Provided data.

───

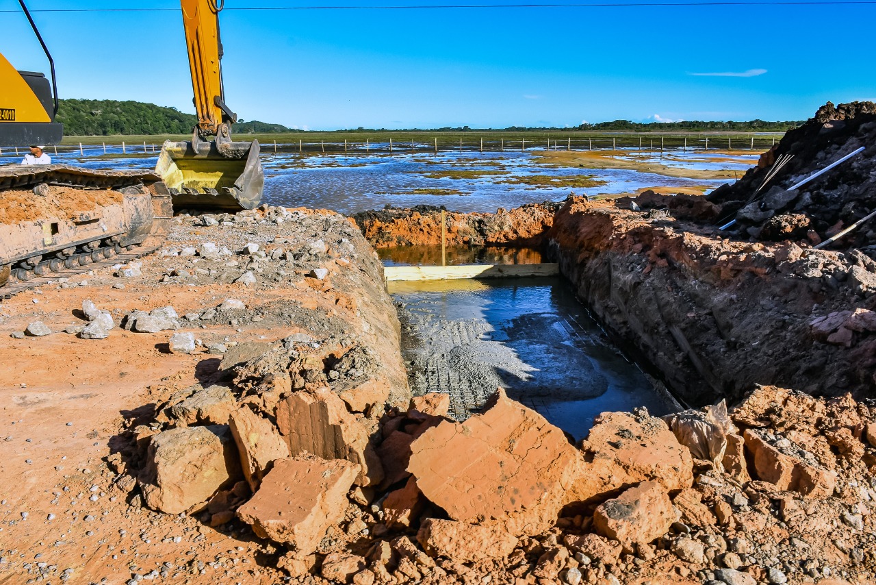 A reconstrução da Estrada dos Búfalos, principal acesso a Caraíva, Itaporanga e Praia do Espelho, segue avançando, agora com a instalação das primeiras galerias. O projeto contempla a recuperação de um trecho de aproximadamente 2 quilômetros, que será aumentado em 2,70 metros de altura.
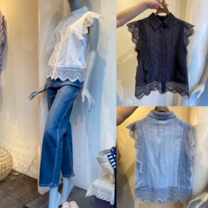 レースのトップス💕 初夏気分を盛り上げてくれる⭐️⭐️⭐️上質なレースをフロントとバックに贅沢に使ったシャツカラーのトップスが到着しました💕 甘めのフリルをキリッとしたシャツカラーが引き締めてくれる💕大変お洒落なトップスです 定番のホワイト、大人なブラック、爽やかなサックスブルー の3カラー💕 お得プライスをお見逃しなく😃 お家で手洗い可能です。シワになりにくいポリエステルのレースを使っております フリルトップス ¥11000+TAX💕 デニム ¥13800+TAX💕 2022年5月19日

───

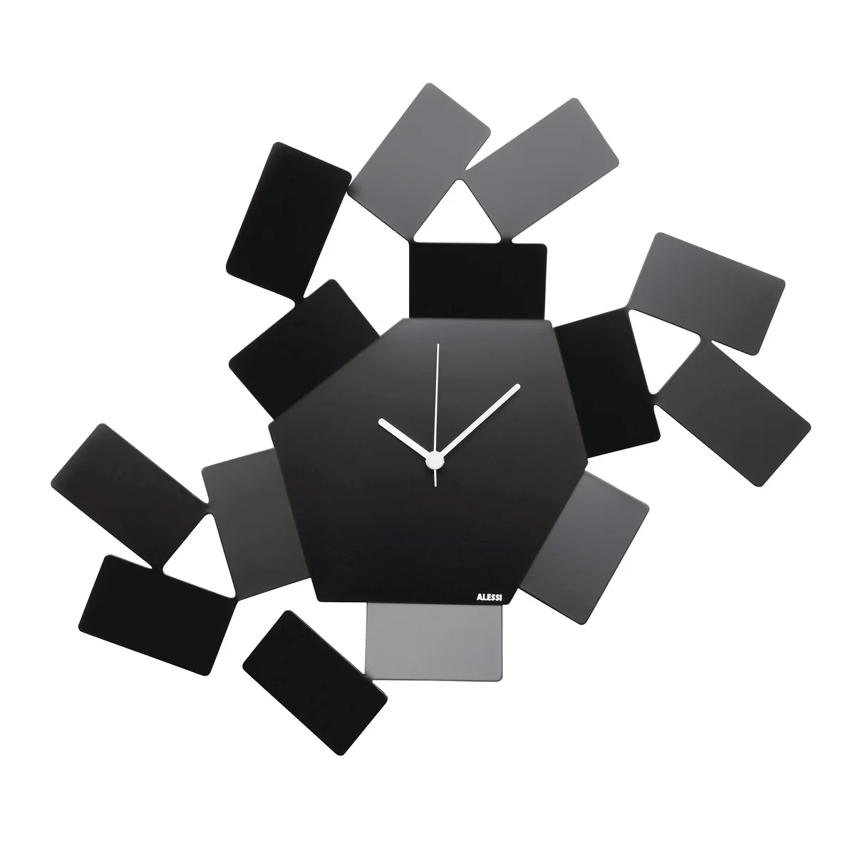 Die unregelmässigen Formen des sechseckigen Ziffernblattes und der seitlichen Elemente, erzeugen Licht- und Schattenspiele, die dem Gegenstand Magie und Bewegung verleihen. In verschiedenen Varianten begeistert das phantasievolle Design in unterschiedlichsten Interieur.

───

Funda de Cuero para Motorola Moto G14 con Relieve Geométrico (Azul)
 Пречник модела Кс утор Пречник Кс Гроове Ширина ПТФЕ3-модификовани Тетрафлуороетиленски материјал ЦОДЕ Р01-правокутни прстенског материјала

───

Aim of the task. Taking the listing above as the source, transcribe only the lines starting at the line with "Funda de Cuero" and going through the line with "Пречник модела Кс", unaltered and with both ends included.

Written response.
Funda de Cuero para Motorola Moto G14 con Relieve Geométrico (Azul)
 Пречник модела Кс утор Пречник Кс Гроове Ширина ПТФЕ3-модификовани Тетрафлуороетиленски материјал ЦОДЕ Р01-правокутни прстенског материјала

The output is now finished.